Three new dashboard tools to visualize air quality

Agile ways to view trends or just snapshots in time

Silhouette of Tractor on Field at Foggy Dawn
Author:
cindyhg
Aug 15, 2024

NCAR GIS just released three new interactive visualization tools that illustrate air quality across a variety of modalities. These tools have been developed as dashboards that elegantly facilitate the end-user experience making it easy to understand trends and patterns in the data.

Superman moonrise over the downtown Los Angeles slightly smoggy skyline and the San Gabriel Mountains, as seen from the Baldwin Hills Scenic Overlook

The Air Quality Dashboard displays modeled air quality (Congestion Mitigation and Air Quality [CMAQ]) for U.S. states and counties.

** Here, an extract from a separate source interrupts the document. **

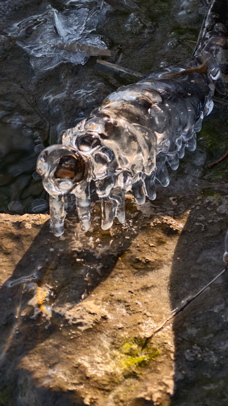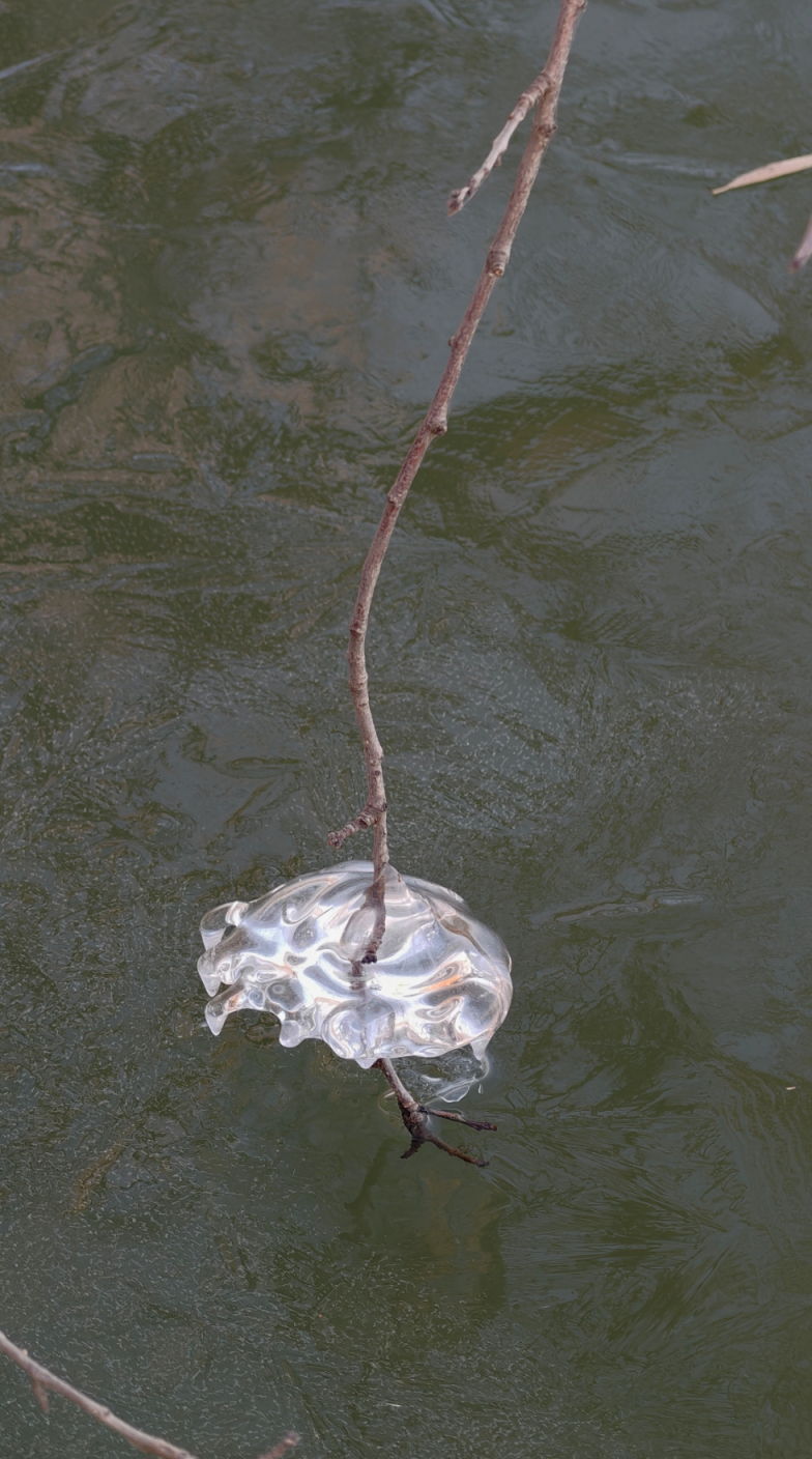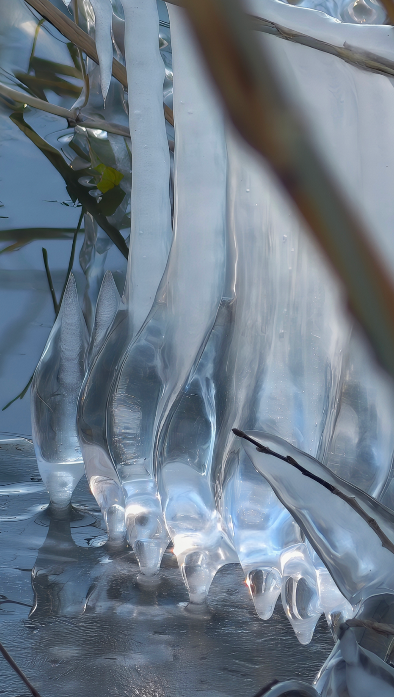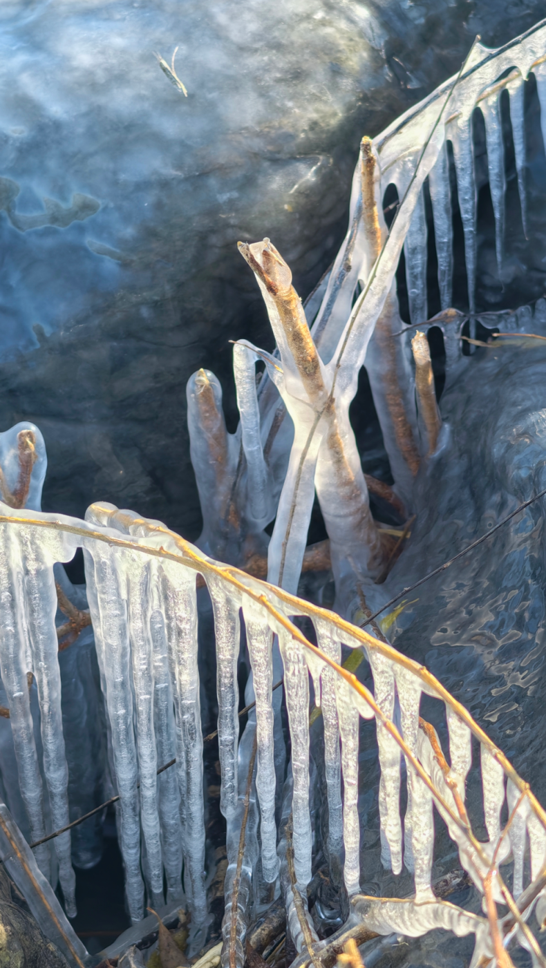 岸边的树枝探向冰面,玻璃棉被透明的冰紧紧裹住,像是大自然亲手打造的水晶雕塑。偶尔路过的鸭子、零星绽放的桃花,则为这独特的景致增添了几分活力。

The available data are for Ozone, NO2, PM1, PM2.5 and PM10.  This information can be used to discern whether local air-quality policies have had any positive impact.  For example, you might view Los Angeles county to study the downward trend in levels of ozone and PM over the years after local county governments implemented new air quality policy. Or you might discover how large wildfire years have affected air quality. If you view Shasta County in California you'll see the spikes of high PM and Ozone that correlated to big wildfire years.

Take this information a step farther with the Agriculture and Air Pollution Dashboard. It's commonly known that air quality has a dramatic effect on agricultural production. This tool includes additional variables related to vegetation health. Now you can study trends in the agricultural food-supply chain that may have been damaged by poor air quality events.

And, there's another! The Air Quality Index Dashboard takes the visualizations rendered by the Air Quality Dashboard to the next level. If users are curious about the trends they observed in the Air Quality Dashboard, they can use this tool to download that data. Using Open Source Python Streamlite technology, this dashboard lets users spatially and temporally aggregate air-quality variables from the CMAQ model, downloaded as .cvs, and at a finer temporal resolution!  The .csv data can then incorporated be into researchers' modeling tools for further analysis.

Air-quality trends are easier than ever to view and employ for individual research. Users ranging from local safety managers to food producers to healthcare now have an agile, elegant way to inform their disciplines.